Aim of the task - Repeat what the lines below say, word for word, and skip every image.

Source material -
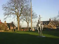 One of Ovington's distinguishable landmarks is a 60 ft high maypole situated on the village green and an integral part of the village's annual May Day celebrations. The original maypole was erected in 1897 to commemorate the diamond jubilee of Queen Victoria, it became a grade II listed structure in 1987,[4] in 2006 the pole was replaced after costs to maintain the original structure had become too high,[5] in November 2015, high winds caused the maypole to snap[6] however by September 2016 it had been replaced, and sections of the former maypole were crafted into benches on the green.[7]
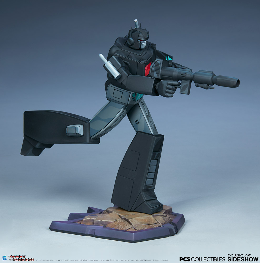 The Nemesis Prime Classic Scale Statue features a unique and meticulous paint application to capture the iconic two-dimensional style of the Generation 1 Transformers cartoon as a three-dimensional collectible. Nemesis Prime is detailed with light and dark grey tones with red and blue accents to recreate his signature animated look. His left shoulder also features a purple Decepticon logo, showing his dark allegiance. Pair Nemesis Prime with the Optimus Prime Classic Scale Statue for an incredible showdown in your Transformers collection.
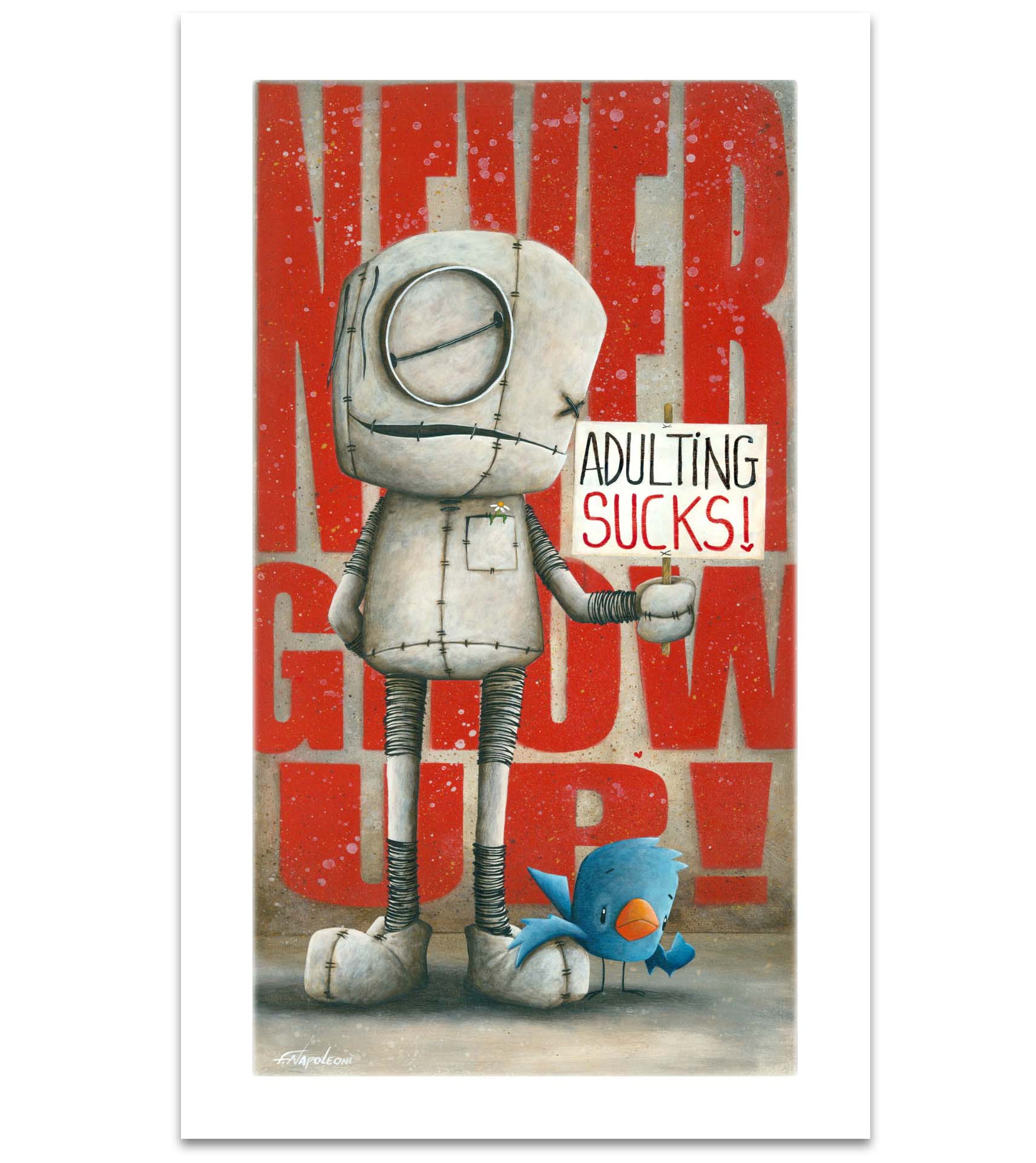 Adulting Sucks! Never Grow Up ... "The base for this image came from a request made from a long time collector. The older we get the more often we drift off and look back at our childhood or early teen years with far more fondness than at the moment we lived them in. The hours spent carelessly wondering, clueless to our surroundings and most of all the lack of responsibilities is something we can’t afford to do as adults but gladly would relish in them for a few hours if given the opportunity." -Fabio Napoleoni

Result -
 One of Ovington's distinguishable landmarks is a 60 ft high maypole situated on the village green and an integral part of the village's annual May Day celebrations. The original maypole was erected in 1897 to commemorate the diamond jubilee of Queen Victoria, it became a grade II listed structure in 1987,[4] in 2006 the pole was replaced after costs to maintain the original structure had become too high,[5] in November 2015, high winds caused the maypole to snap[6] however by September 2016 it had been replaced, and sections of the former maypole were crafted into benches on the green.[7]
 The Nemesis Prime Classic Scale Statue features a unique and meticulous paint application to capture the iconic two-dimensional style of the Generation 1 Transformers cartoon as a three-dimensional collectible. Nemesis Prime is detailed with light and dark grey tones with red and blue accents to recreate his signature animated look. His left shoulder also features a purple Decepticon logo, showing his dark allegiance. Pair Nemesis Prime with the Optimus Prime Classic Scale Statue for an incredible showdown in your Transformers collection.
 Adulting Sucks! Never Grow Up ... "The base for this image came from a request made from a long time collector. The older we get the more often we drift off and look back at our childhood or early teen years with far more fondness than at the moment we lived them in. The hours spent carelessly wondering, clueless to our surroundings and most of all the lack of responsibilities is something we can’t afford to do as adults but gladly would relish in them for a few hours if given the opportunity." -Fabio Napoleoni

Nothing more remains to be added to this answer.